A fun guide to types of apologies in Japan.

It turns out that an apology trades true empathy for a liberating lie. “Do you want your child to learn to lie?” - Ockwell-Smith asks provocatively. Instead of being forced to say “sorry,” the psychologist suggests teaching children by example: let parents who notice that their child has pushed another apologize to the offended person. And then, when they are alone with their child, they will discuss the situation in a calm tone.

But, if we start from Ockwell-Smith’s thoughts, it turns out that all norms of politeness are complete hypocrisy. Is it when we say hello that we wish for health? And when we leave the routine “goodbye”, do we always dream of the next meeting? Yes, perhaps these are “empty words,” but they help start a conversation and demonstrate a friendly attitude towards the interlocutor. If we do not greet a person, it means that by refusing a greeting, we are signaling to him about our offense / contempt / reckless disregard for the conventions of etiquette. You can break the rules, but to do this you need to know them.

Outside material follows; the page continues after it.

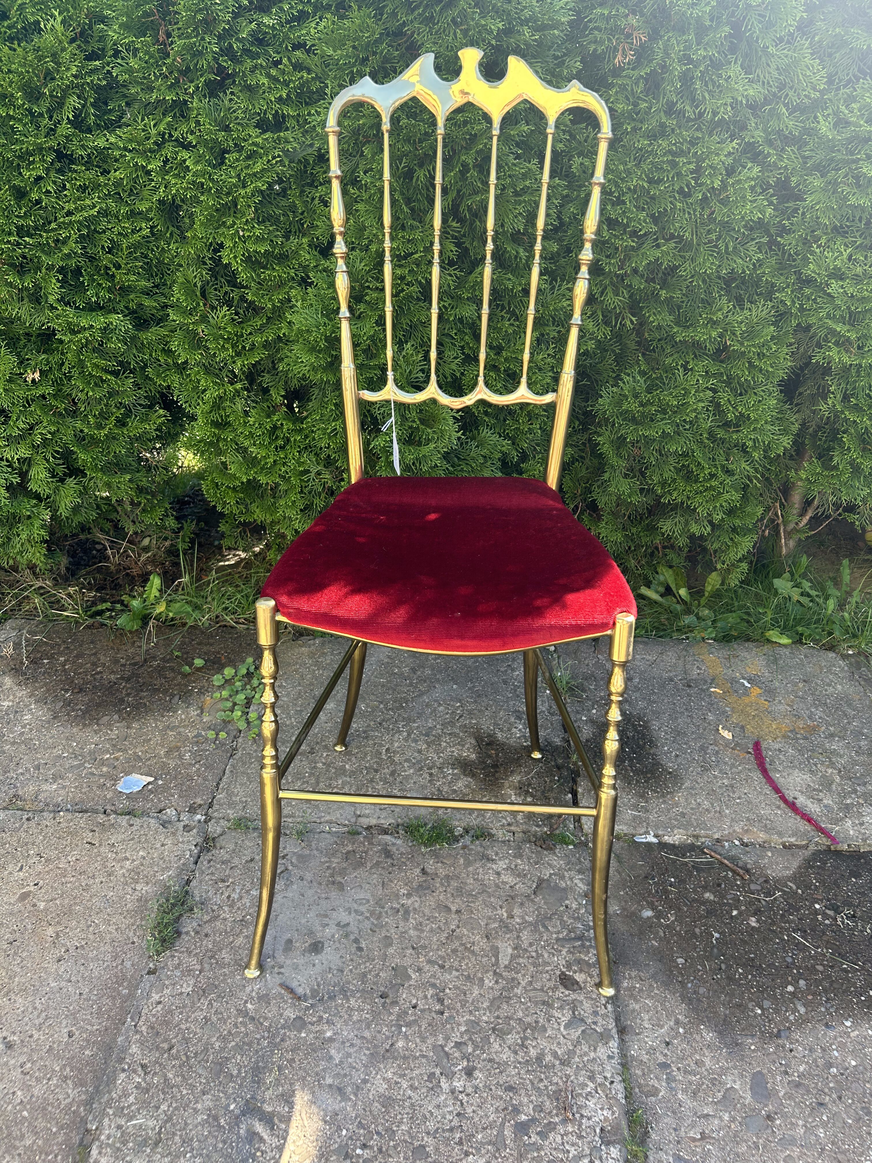 Krzesło mosiężne – złoty kolor – czerwone siedzisko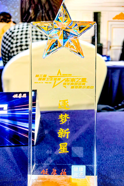 1月14日,在北京卫生健康委、健康报社联合举办的首都卫生健康系统第三届“未来之星”青年典型培育宣传展示活动中,航空总医院神经外二科医生王宁博士荣获“逐梦新星”奖。

So, instead of blindly teaching in what situations to ask for forgiveness, wouldn’t it be easier to create a safe atmosphere in which the child would feel confident enough to offer a sincere apology if he offended someone?

Admitting your mistakes is the practice of humanity. It is an acknowledgment that we are not perfect machines, programmed to do what is right, and are not immune to error.

It's not easy, but if you want to learn how to sincerely apologize, Denise D. Cummins, in Seven Powerful Ideas That Shape the Way We Think, says to first recognize that an apology is a message for the wronged party. It means not only that you are a living person with the right to make mistakes, but also that you do not deny another the right to attention and support, because he is a person just like you.

Secondly, remember: people who demand an apology from you do not need it, but your submission. Submitting and needing support are two different things.